The fall I turned 15, the world was breaking down. The same thought was running through my head in a loop, endlessly, never letting me go: I don’t know enough. In my head, I made lists of all that I know in the world, but, with each listing, it seemed I knew less. I was anxious, and in pain, and felt broken. My parents, distraught, looked for a therapist who could ease their child’s burden. They found one, and my life changed.

These days, expressions such as “I feel seen” and “I see you” have become overused far past the point of cliché. Yet when I say that, when I started analysis, I “felt seen” for the first time in my life, I mean it in the full and true sense of the phrase: until that fall, no one—not my parents, or siblings, or what “friends” I had—knew how scared, and alone, and alien, and empty I felt; they knew nothing of the terrors that filled my inner world, they had no clue of its horror and desolation; and they did not know that what was so easy for them—just living day-to-day, having friends—felt impossible to me. I was an alien living among earthlings, I was in hostile and incomprehensible territory. I did not imagine for a moment that I could be understood or helped. But I was happily, wonderfully wrong.

When starting my analysis—which was conducted in Israel according to the Durban Method—I did not know that I was on the spectrum. No one had ever mentioned the possibility, and it had never occurred to me. I was diagnosed, yet that was, and can only be, just the beginning. It is impossible to summarize more than a decade of analysis in a few paragraphs. All that I have space to say is it was not easy, but that session by session, month by month, year by year, I, together with my therapist, built a life, and a world; I have learned to know myself, and to know others; and I was not alone.

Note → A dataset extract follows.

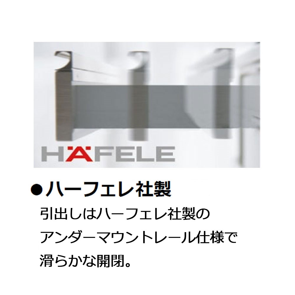 引出しにはドイツ、ハーフェレ社製のアンダーマウントレールを使用。静かでスムーズな開閉が可能です。また、すっきりとした引手がスマートな印象です。※耐荷重量は参考値であり保証値ではありません。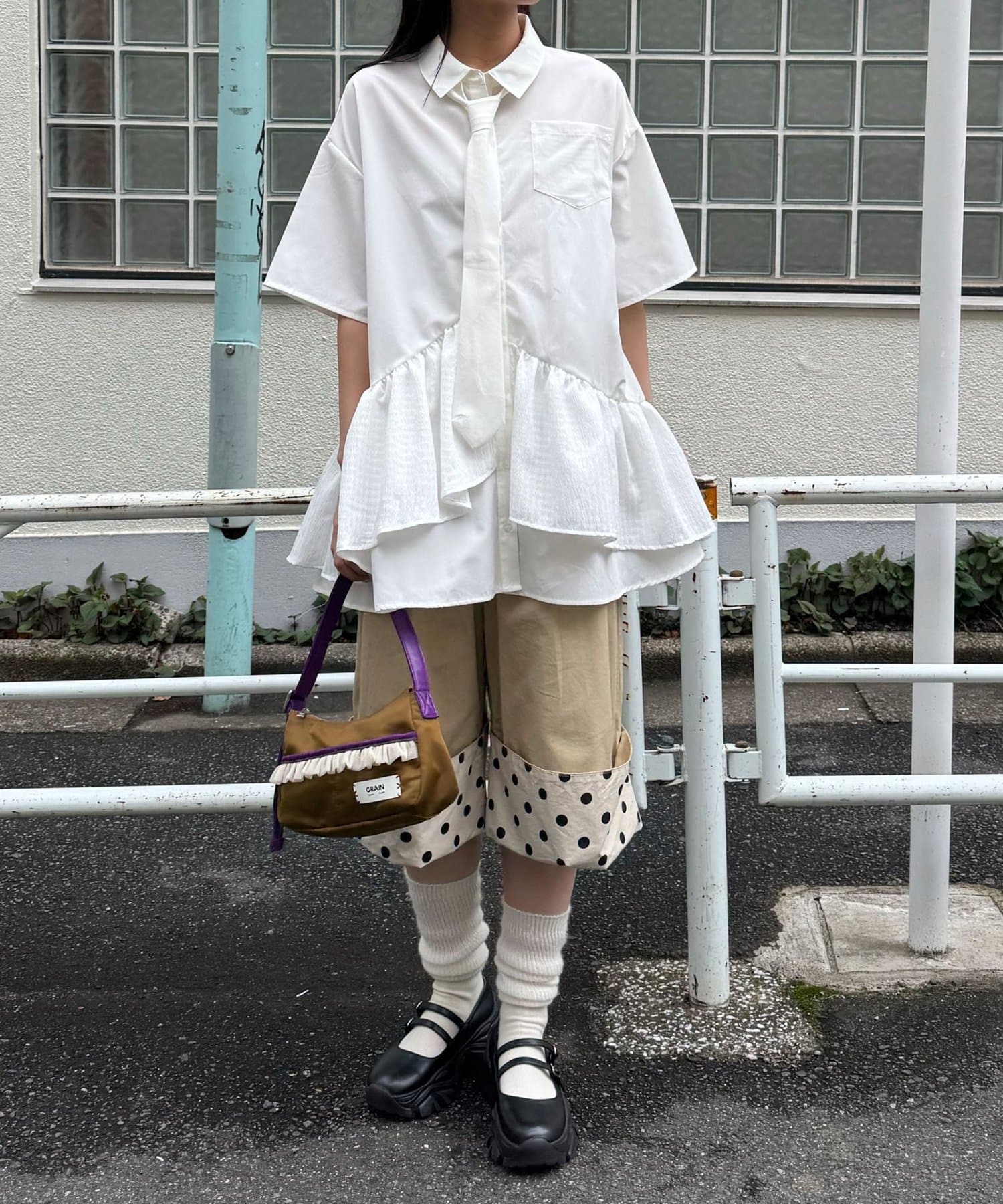 ネクタイをつけてソックス×ローファーを合わせれば、今っぽいスクールムードに。

Years passed. I finished high-school, then a BA. I applied to a graduate program, at an Ivy League university, in a field that fascinates me more than anything else in the world. I got in. In my studies, my autistic features, far from hindering me, have proved my greatest assets. So many need Adderall to study, but the potency of amphetamines cannot compare with the sheer power of autistic hyper-fixation; when harnessed, this energy source sustains research and writing like nothing else. Likewise, hyper-sensitivity can make the mundane unbearable and the day-to-day nightmarish, but it enables me to observe more deeply, and experience beauty more profoundly, than I would have otherwise. That I am on the spectrum may help explain why, after years of grad school, I’m still having the time of my life. For me, it’s a no-brainer: I’m doing the things I love most in the world—thinking, and teaching, and writing—and I’m being paid for it. Truly, I’m living the dream.

However, I do not want to give a falsely simplistic impression of my life, and of my psychic state. My tendency to obsess, to ruminate, to go through the same loop of thoughts again, and again, and again—these mental patterns are etched into my very brain, and continue to cause me great suffering. My sensitivity, that at times makes me feel overwhelmed, and flooded, and burdened beyond all endurance, has not dimmed—I still cover my ears every time an ambulance goes by. And while I am welcomed in the society of the earthlings, and enjoy their company greatly, I still feel, from time to time, as though I come from a different planet. Analysis is no miracle cure. Yet I am stronger now, and more aware, than I have ever been; I am, if I may say so myself, kicking ass in my academic and professional life; I’m a published poet; and I have true friends. Put differently, I am able to feel and to think, to love and to work. And I’m not alone anymore.

The fall I turned 15, the world was breaking down. This fall my birthday has come again, and the world—both inner and outer—is a place I cannot merely survive in, or just “function” in, but flourish, and play, and delight in. This transformation would not have been possible without psychoanalytic therapy; yet this chance to see and be seen, to be understood and respected, is available to far too few autistic people, both in the States and around the world. I think it is past time that we changed that.